--- Task instructions ---
Repeat word for word the lines from the one containing "Men’s Minnesota Timberwolves" to the end of the material below, and leave all pictures out.

--- Recorded information ---
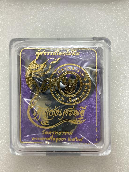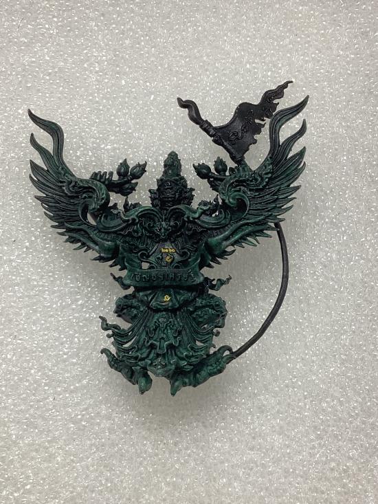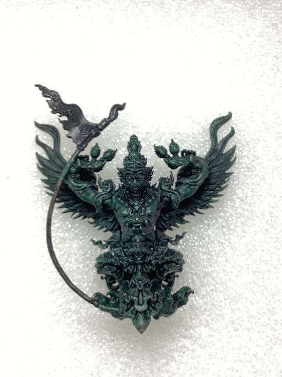 พญาครุฑทรงมหิธานุภาพ เชิญธงเศรษฐี วัดครุฑธาราม จ.พระนครศรีอยุธยา พิมพ์ใหญ่ สูง 4.5 ซ.ม. เนื้อประแจจีน ขัดยาดำ (แยกชุดกรรมการ) กล่องเดิม |
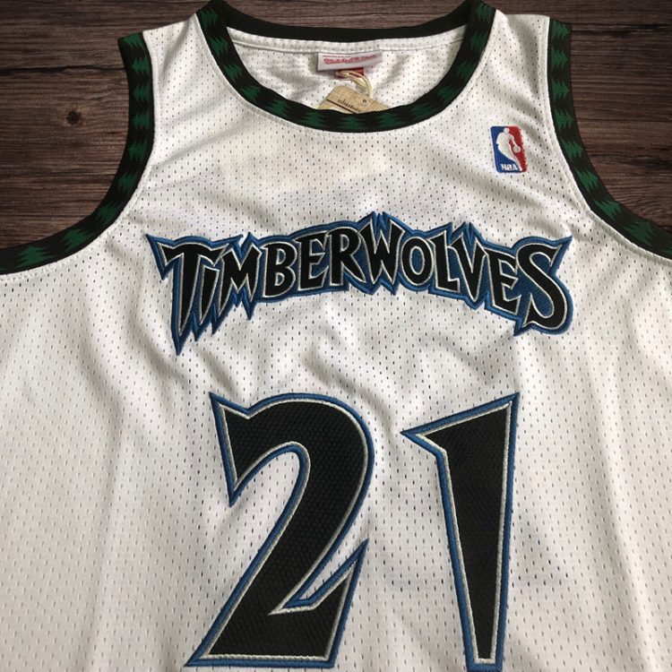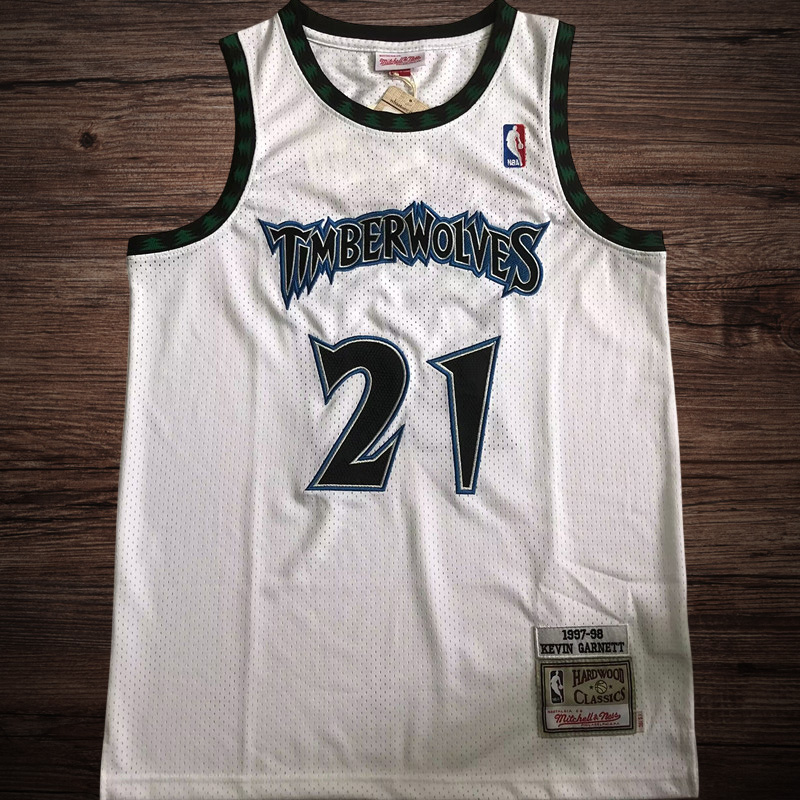 Men’s Minnesota Timberwolves 1997/98 #21 Garnett White Jersey
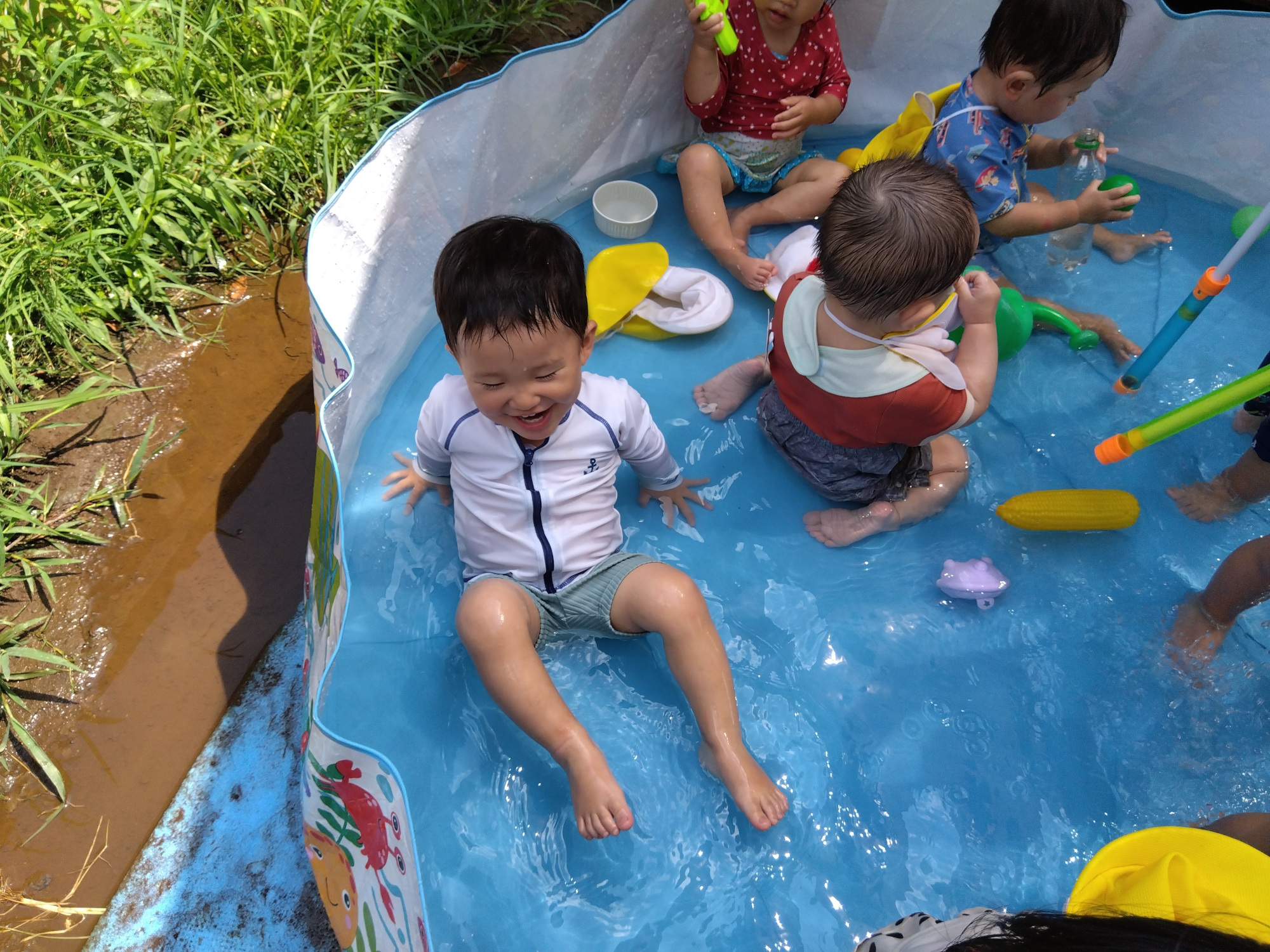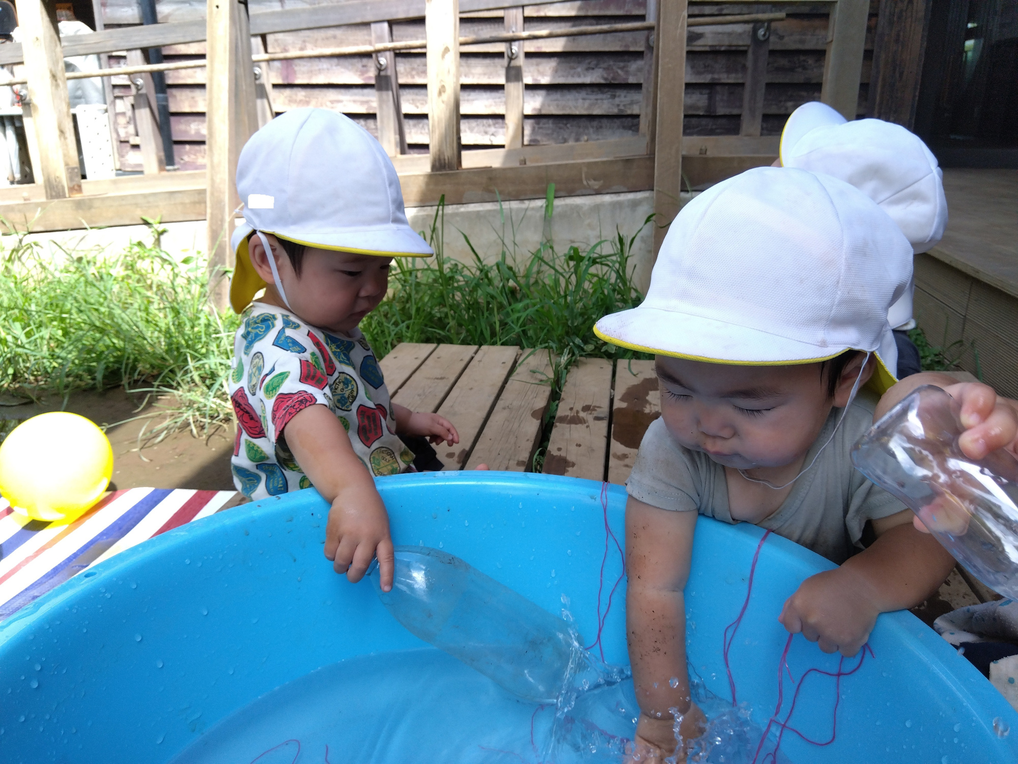 どろんこ保育園では、0歳児でも水と直接触れ合って遊ぶといった「直接体験」を大切にしています。実際に直接触れることで徐々に水にも慣れ、自分で水の面白さや遊び方に気づいていく姿があります。水遊びをたくさんした7~8月、今後はどのように水と一緒に遊ぶのか子どもたちの姿が楽しみです。9月も蒸し暑い日が続くので、水遊び・シャワー等でさっぱりとして、元気に過ごしています。

--- Result ---
 Men’s Minnesota Timberwolves 1997/98 #21 Garnett White Jersey
 どろんこ保育園では、0歳児でも水と直接触れ合って遊ぶといった「直接体験」を大切にしています。実際に直接触れることで徐々に水にも慣れ、自分で水の面白さや遊び方に気づいていく姿があります。水遊びをたくさんした7~8月、今後はどのように水と一緒に遊ぶのか子どもたちの姿が楽しみです。9月も蒸し暑い日が続くので、水遊び・シャワー等でさっぱりとして、元気に過ごしています。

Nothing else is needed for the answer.